Not a book, but these three articles:
>On a Heuristic Viewpoint Concerning the Production and Transformation of Light
>On the Motion of Small Particles Suspended in a Stationary Liquid, as Required by the Molecular Kinetic Theory of Heat
>On the Electrodynamics of Moving Bodies

They were critical to ALL scientific advances of the 20th century. Think back and put yourself in 1905, that's where we all still would be without them.

>If you appear to cath war prisonners, treat them with respect as they were your own soldiers.
Why won't any army do this? It was literally the best thing to do. And don't tell me it didn't work be cause it DID work, sun tzu was a war advisor and help unite the 3 kingdoms almost single-handedly

Faust

>Principia Mathematica
>Magna Carta
>The Illiad

Shakespeare was tremendously influential... For Anglo-Saxon culture.

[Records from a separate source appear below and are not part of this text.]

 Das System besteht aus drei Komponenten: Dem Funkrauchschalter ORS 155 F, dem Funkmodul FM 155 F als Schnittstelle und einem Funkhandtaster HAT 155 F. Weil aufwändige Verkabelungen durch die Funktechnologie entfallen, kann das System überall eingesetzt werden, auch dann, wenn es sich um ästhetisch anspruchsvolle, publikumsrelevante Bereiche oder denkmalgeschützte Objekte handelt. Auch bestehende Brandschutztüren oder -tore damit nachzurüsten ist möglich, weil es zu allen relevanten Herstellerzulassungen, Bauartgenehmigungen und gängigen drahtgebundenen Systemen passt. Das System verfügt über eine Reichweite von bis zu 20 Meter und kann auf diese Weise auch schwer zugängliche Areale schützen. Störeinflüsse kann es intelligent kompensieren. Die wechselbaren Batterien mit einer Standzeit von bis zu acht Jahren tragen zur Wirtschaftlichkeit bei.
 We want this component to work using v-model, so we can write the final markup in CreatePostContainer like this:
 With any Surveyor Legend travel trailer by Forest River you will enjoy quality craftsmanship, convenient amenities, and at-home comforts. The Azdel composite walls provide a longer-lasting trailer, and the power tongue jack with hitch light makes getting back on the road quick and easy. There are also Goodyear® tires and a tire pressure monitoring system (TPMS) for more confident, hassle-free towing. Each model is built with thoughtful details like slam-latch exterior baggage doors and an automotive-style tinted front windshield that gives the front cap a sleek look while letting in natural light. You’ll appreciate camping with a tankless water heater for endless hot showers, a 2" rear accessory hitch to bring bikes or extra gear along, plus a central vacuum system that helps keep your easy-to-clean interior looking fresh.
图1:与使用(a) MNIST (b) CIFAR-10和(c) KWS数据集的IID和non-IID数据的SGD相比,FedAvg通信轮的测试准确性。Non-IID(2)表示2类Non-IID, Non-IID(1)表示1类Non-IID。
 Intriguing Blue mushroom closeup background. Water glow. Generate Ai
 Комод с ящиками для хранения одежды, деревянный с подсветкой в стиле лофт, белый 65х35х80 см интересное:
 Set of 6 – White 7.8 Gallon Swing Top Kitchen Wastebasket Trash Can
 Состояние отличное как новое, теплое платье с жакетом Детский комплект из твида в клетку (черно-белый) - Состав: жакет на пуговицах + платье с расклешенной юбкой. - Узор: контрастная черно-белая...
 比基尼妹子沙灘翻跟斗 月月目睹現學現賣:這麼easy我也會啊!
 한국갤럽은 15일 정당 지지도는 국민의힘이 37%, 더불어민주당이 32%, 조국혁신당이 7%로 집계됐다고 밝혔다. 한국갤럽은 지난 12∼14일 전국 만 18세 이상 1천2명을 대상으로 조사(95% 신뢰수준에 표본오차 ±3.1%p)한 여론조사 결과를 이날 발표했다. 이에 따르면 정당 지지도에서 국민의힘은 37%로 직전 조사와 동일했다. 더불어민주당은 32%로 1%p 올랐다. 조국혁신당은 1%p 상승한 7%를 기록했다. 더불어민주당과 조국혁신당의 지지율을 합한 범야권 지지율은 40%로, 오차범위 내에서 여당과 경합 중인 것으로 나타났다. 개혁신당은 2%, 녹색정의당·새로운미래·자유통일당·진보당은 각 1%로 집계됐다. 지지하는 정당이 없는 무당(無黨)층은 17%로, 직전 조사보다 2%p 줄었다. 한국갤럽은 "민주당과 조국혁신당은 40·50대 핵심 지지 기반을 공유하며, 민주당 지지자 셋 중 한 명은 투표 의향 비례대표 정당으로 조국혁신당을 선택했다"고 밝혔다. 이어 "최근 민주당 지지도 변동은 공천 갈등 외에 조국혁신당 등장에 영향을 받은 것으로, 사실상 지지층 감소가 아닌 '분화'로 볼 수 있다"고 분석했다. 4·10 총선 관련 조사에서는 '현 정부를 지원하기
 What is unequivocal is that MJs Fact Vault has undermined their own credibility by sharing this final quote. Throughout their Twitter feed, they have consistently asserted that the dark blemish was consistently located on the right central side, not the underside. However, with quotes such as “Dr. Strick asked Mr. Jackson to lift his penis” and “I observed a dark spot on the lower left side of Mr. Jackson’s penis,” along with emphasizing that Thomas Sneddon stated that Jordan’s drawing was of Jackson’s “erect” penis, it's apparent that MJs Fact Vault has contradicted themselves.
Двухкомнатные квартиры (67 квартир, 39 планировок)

I would say that Plato's dialogues, or The Republic if you must pick only one of them, have been the most influential texts of all time aside from dedicated religious ones. Plato brought Western thinking to a whole new level and his work has influenced every Western thinker since. Hard to beat that.

>Nikolai
Eastern europe was a mistake

>shakespeare
please.

It's Plato's republic like many have said

The Magna charta is an interesting proposal but the corpus iuris civilis would be the smart one

I really think shakespear is only relevant in the English speaking world. Books like On war, or Art of War or even the magna carta are much more important

Then you're not looking for the most influential books in history, are you.

The protocols of the elders of zion

More like Trana Del Rey. I have a hard time beilieving >she is actually a female.